# Momentary Order Switch



## nichgriff (Apr 22, 2020)

Hey friends! 

I'm fairly new to pedal building - only a few pedals in. I would love to build a delay/reverse combo that not only has a switch to change the order, but also a momentary switch to reverse them while held down. The switch to change the order it seems like is easy enough, especially with the PedalPCB board, but the momentary one seems a little trickier. Is that possible to do with the PedalPCB order switch board? I'm still new to momentary switches and researching them, but I figured I'd throw it out there in case someone has done this before.


----------



## Robert (Apr 22, 2020)

Easy enough, just use a momentary 3PDT footswitch with the order switch board.

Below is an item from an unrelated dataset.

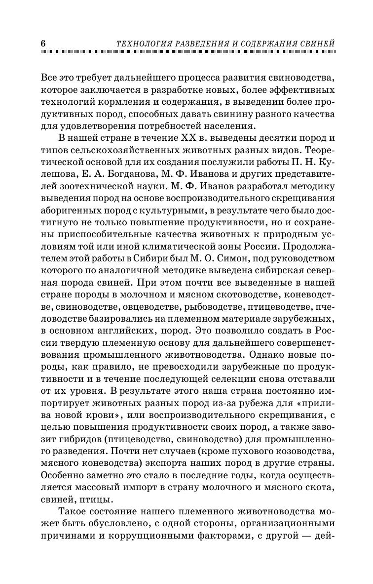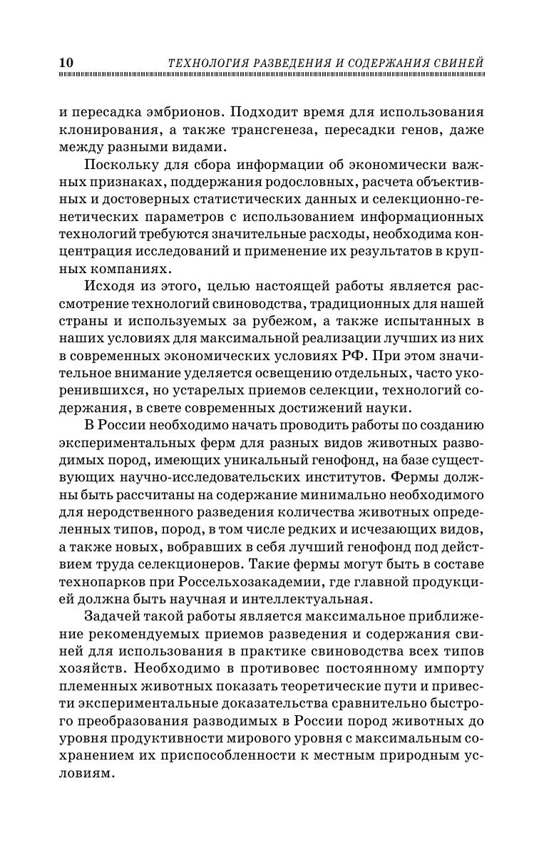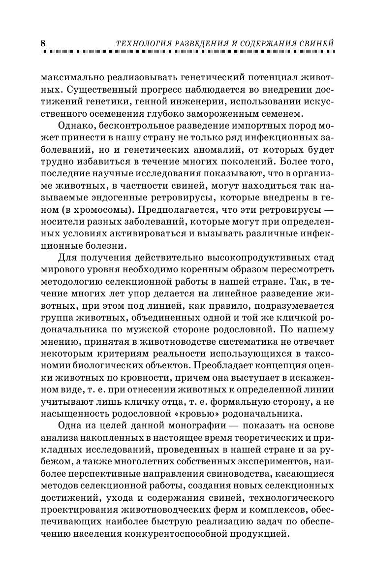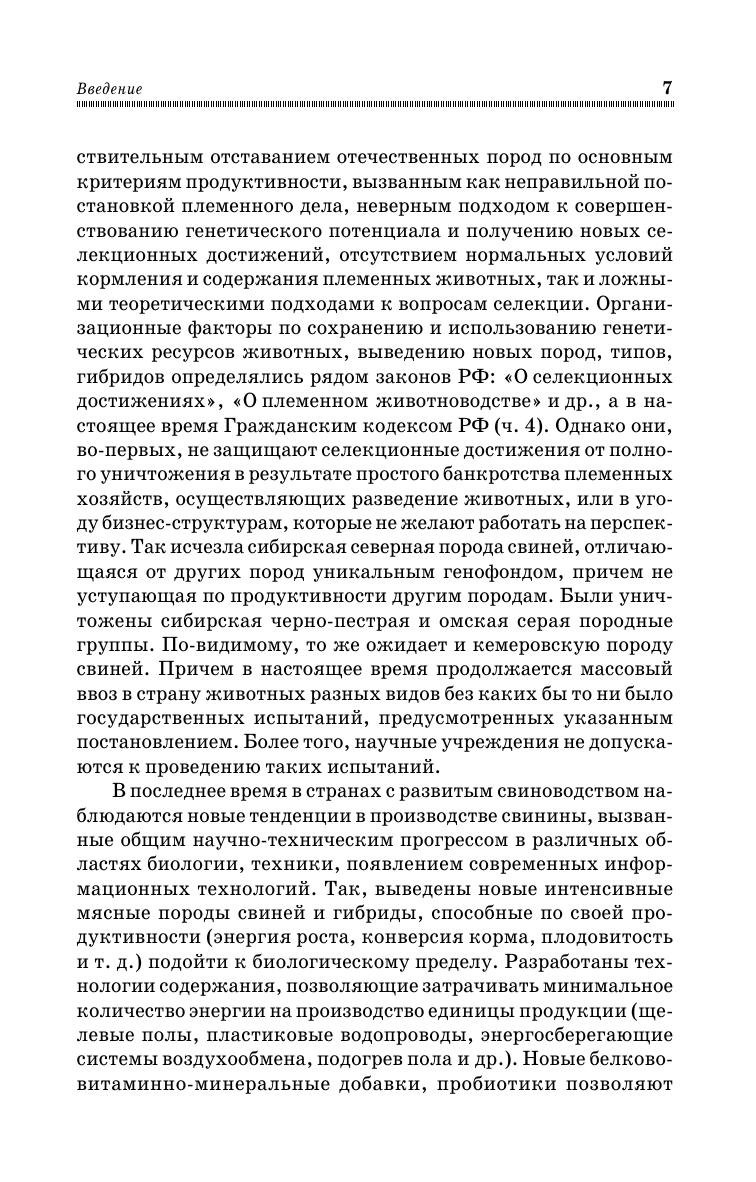 В настоящем учебном пособии излагаются актуальные проблемы свиноводства, наиболее интересующие специалистов в современных условиях. За основу взят анализ накопленных к данному времени теоретических и прикладных исследований, проведенных в нашей стране и за рубежом, а также опыт многолетних собственных экспериментов автора. При этом значительное внимание уделяется освещению приемов генетики, селекции, воспроизводства, технологии содержания свиней в свете современных достижений науки. В частности, показаны наиболее оптимальные пути оценки племенных качеств животных, поиска и использования генетических маркеров, создания новых селекционных достижений на примере выведения самого скороспелого в нашей стране новосибирского типа свиней крупной белой породы. Особое внимание уделено выяснению биологической сущности явлений гетерозиса и инбредной депрессии, на которых основаны приемы подбора пар, скрещивания разных пород для получения наибольшего эффекта разведения. Подробно освещены методы содержания холостых и супоросных маток, хряков, приема опоросов, ухода за подсосными матками и поросятами, выращивания отъемышей, ремонтного молодняка и откорма свиней. Отдельная глава посвящена разработке проектно-технологических решений свиноводческих ферм и комплексов с интенсивным производством, основанных на современных достижениях науки по содержанию животных, механизации производственных процессов и строительства животноводческих помещений. Учебное пособие предназначено для студентов, обучающихся по направлениям «Зоотехния» и «Технология производства и переработки сельскохозяйственной продукции». Также может использоваться аспирантами, научными сотрудниками, специалистами по свиноводству, предпринимателями.

If you want a toggle switch _and _a momentary switch you'll need two order switch boards, but it's still easily doable.


----------



## nichgriff (Apr 22, 2020)

Robert said:


> Easy enough, just use a momentary 3PDT footswitch with the order switch board.
> 
> If you want a toggle switch _and _a momentary switch you'll need two order switch boards, but it's still easily doable.



Didn't even think about a momentary 3PDT and when right to SPDT! What would it look like for me to wire an order switch to an order switch? Would I just take the in and out to S1 and R1 and leave S2 and R2 blank?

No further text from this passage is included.